Now we can create PCR model on raw data and normalized ones thanks to ‘pls’ package.
library(pls)
data.n$quality <- data.y.n$obj
pcr.model <- pcr(quality~., data = data, scale = TRUE, validation = "CV")
pcr.model.n <- pcr(quality~., data = data.n, scale = TRUE, validation = "CV")
summary(pcr.model)
## Data: X dimension: 4898 11
## Y dimension: 4898 1
## Fit method: svdpc
## Number of components considered: 11
##
## VALIDATION: RMSEP
## Cross-validated using 10 random segments.
## (Intercept) 1 comps 2 comps 3 comps 4 comps 5 comps 6 comps
## CV 0.8857 0.8538 0.853 0.8276 0.8208 0.8113 0.8095
## adjCV 0.8857 0.8537 0.853 0.8275 0.8272 0.8109 0.8094
## 7 comps 8 comps 9 comps 10 comps 11 comps
## CV 0.8084 0.8088 0.7860 0.7597 0.7580
## adjCV 0.8083 0.8088 0.7859 0.7596 0.7579
##
## TRAINING: % variance explained
## 1 comps 2 comps 3 comps 4 comps 5 comps 6 comps 7 comps 8 comps
## X 23.443 37.770 48.71 58.00 67.26 75.91 82.77 88.56
## quality 7.133 7.421 12.93 12.95 16.51 16.82 17.08 17.10
## 9 comps 10 comps 11 comps
## X 93.79 97.39 100.00
## quality 21.75 26.87 27.29
summary(pcr.model.n)
## Data: X dimension: 4898 11
## Y dimension: 4898 1
## Fit method: svdpc
## Number of components considered: 11
##
## VALIDATION: RMSEP
## Cross-validated using 10 random segments.
## (Intercept) 1 comps 2 comps 3 comps 4 comps 5 comps 6 comps
## CV 1 0.9643 0.9633 0.9343 0.9279 0.9155 0.9138
## adjCV 1 0.9643 0.9633 0.9342 0.9336 0.9154 0.9137
## 7 comps 8 comps 9 comps 10 comps 11 comps
## CV 0.9127 0.9131 0.8872 0.8579 0.8555
## adjCV 0.9126 0.9130 0.8871 0.8577 0.8554
##
## TRAINING: % variance explained
## 1 comps 2 comps 3 comps 4 comps 5 comps 6 comps 7 comps 8 comps
## X 23.443 37.770 48.71 58.00 67.26 75.91 82.77 88.56
## quality 7.133 7.421 12.93 12.95 16.51 16.82 17.08 17.10
## 9 comps 10 comps 11 comps
## X 93.79 97.39 100.00
## quality 21.75 26.87 27.29
As we can see, the validation error and the cumulative percentage of variance explained using 11 components are printed. In both cases we have the same results so for predictions I will use original data set.
Predictions:
test <- data[, 1:11]
pcr.pred <- predict(pcr.model, test, ncomp = 7)
pred <- predict(pcr.model, test)
Comparison of raw data (black points), PCR prediction (blue point) and OLS predictions (grey points):
plot(data.y$obj, col = "black", ylab = "Predictions vs raw data")
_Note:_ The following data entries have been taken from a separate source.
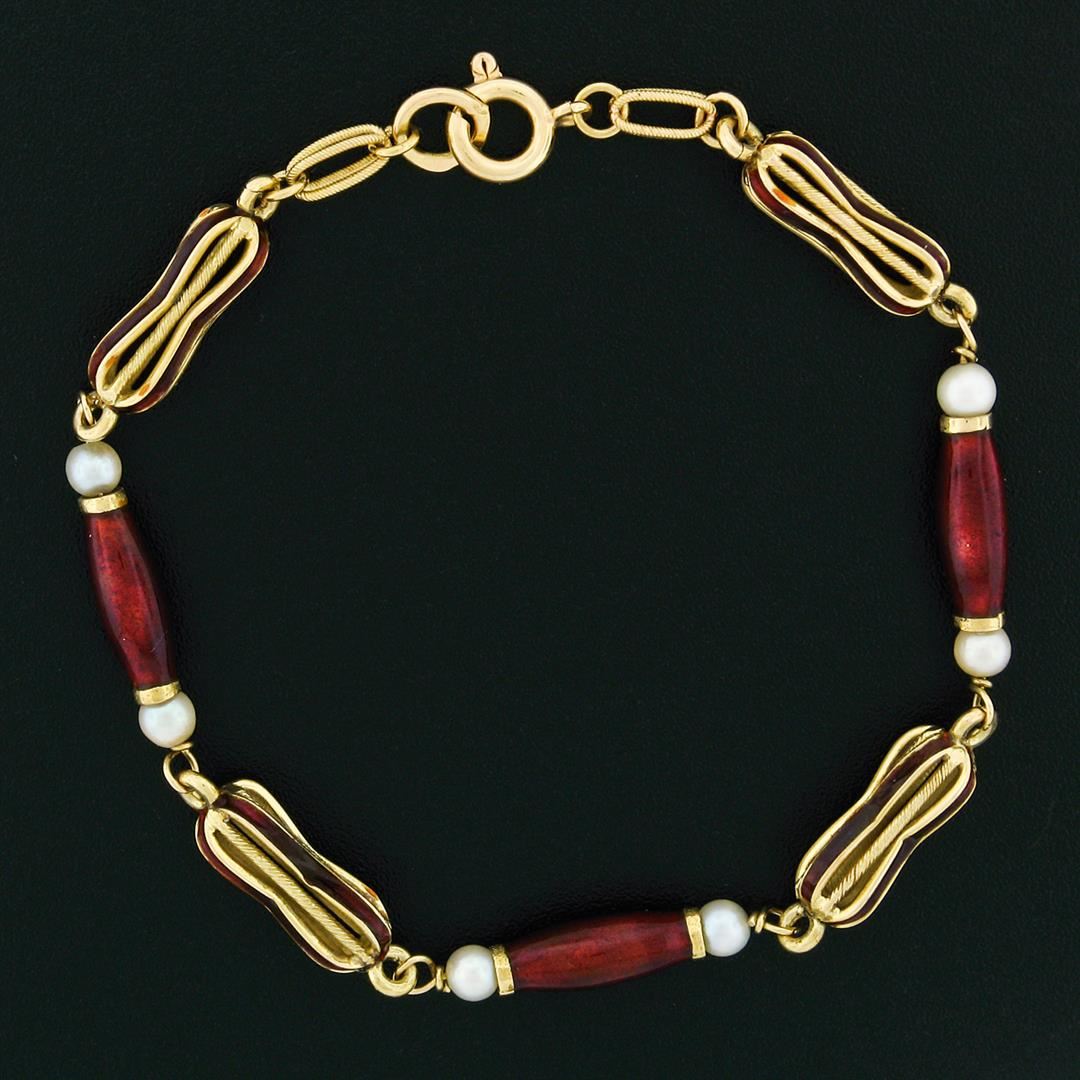 A vintag solid 18k yellow gold and enamel link bracelet, faeturing 6 round shape natural cultured pearls (3.65 - 3.75mm ). It weighs a total of 15.3 grams, and measures 7.5 inches in length.
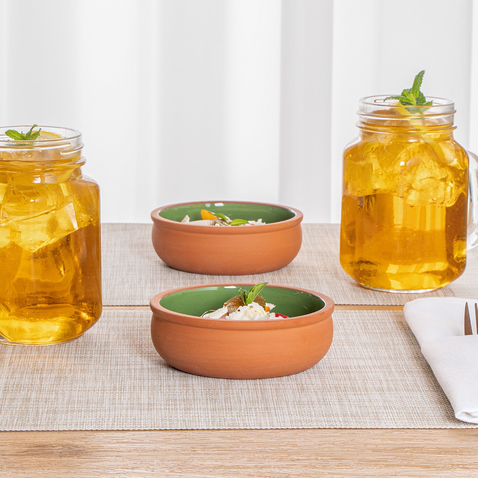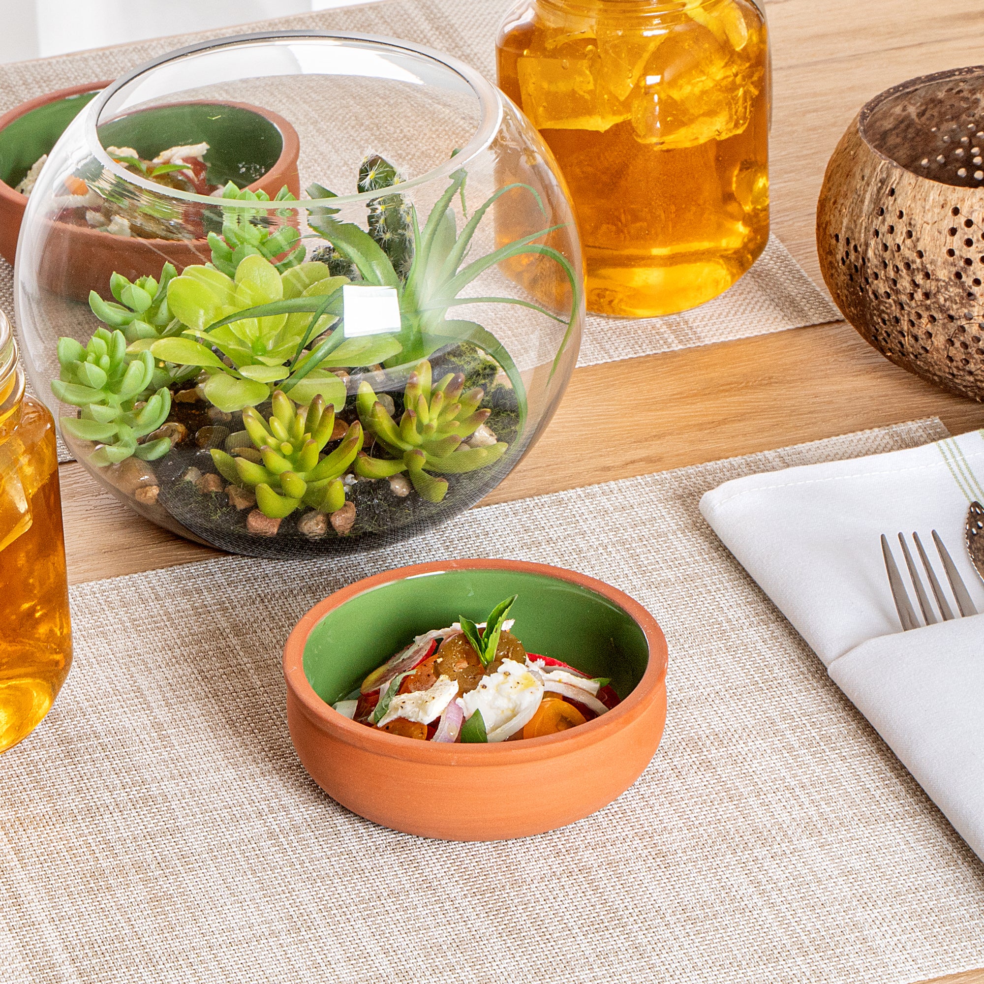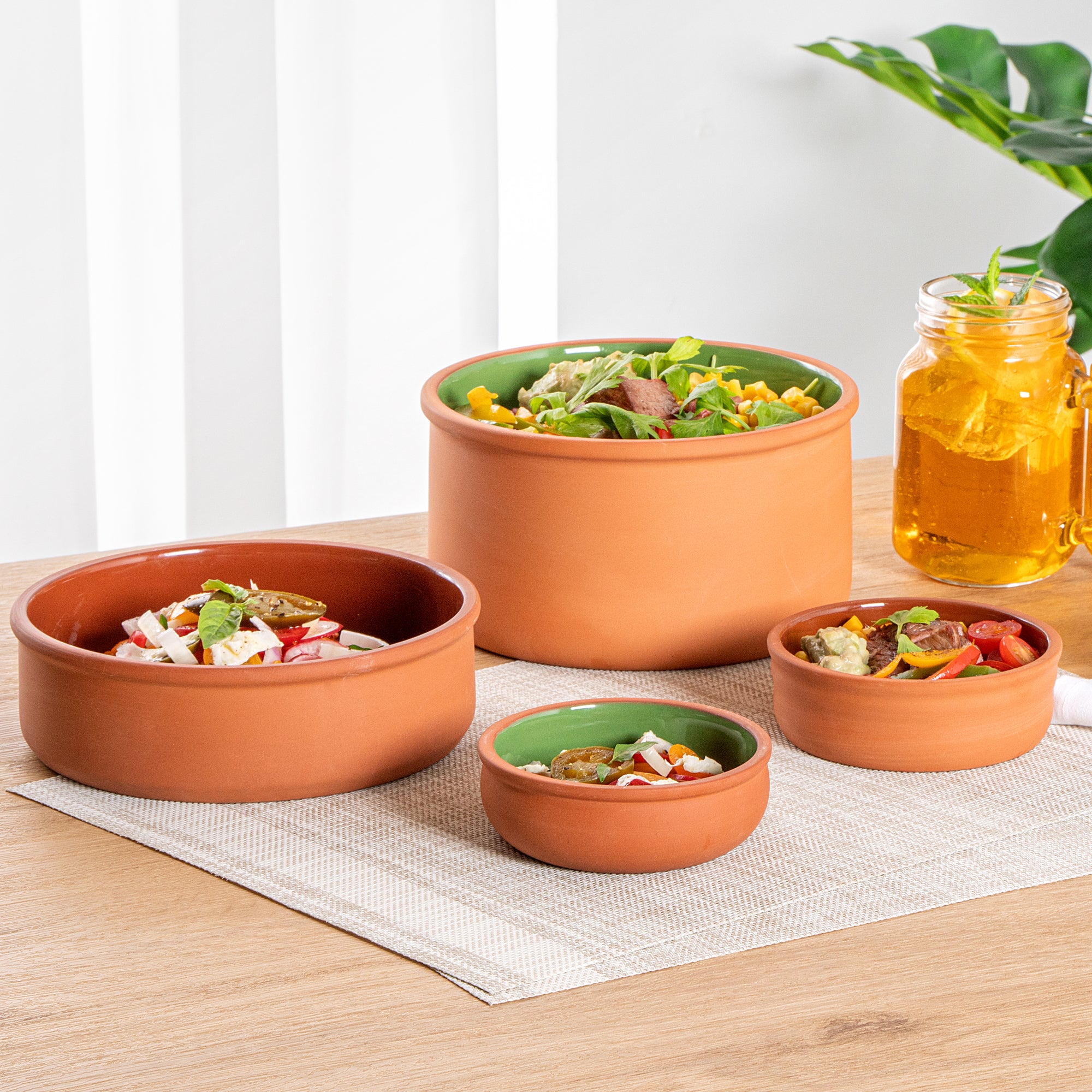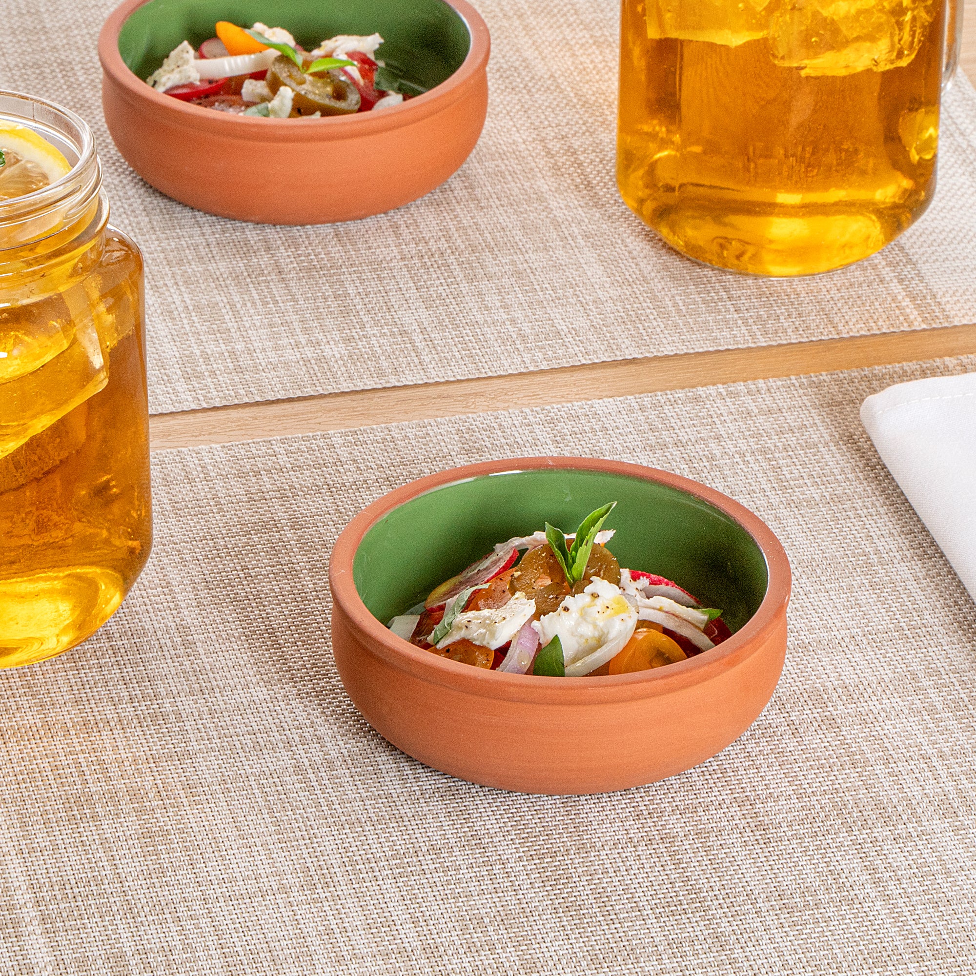7 OZ TERRACOTTA CAZUELA BOWL - GREEN GLAZED INTERIOR, OVEN-SAFE
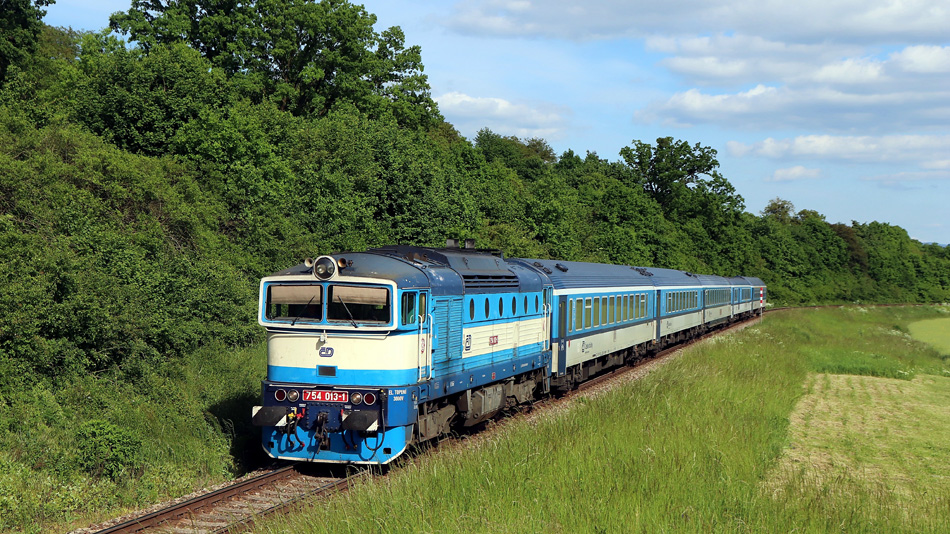 Locomotief 754 013, van het type dat ‘duikbril’ als bijnaam kreeg, zien we ter hoogte van Popovice u Uherského Hradiště in het zuidoosten van Tsjechië op 23 mei 2022.

points(pcr.pred, col = "steelblue")
points(pred, col = "darkgrey")
Results are similar for all three situations. Predictions are pretty good - they are between two the most popular values of ‘quality’ variable and close enough to all observations. In raw data set ‘quality’ values are only integers, in predictions we have some double type values.
Thanks to ‘validationplot’ function we can plot the root mean squared error. I will try two options - the usual mean squared error and the R2 by setting the val.type argument equal to “MSEP” or “R2” respectively:
validationplot(pcr.model, val.type="MSEP")
validationplot(pcr.model, val.type = "R2")
Also I will plot the predicted vs measured values using the ‘predplot’ function as below:
predplot(pcr.model)
At the end I will plot coefficients:
coefplot(pcr.model)
Thanks to Unsupervised Learning we can not only analyze characterizes of a given product/country/etc. and draw conclusions based on these analyzes. We can also predict some values and check our predictions with raw data after all. Principal Component Analysis and Principal Component Regression can be useful not only for students and researchers but also for business.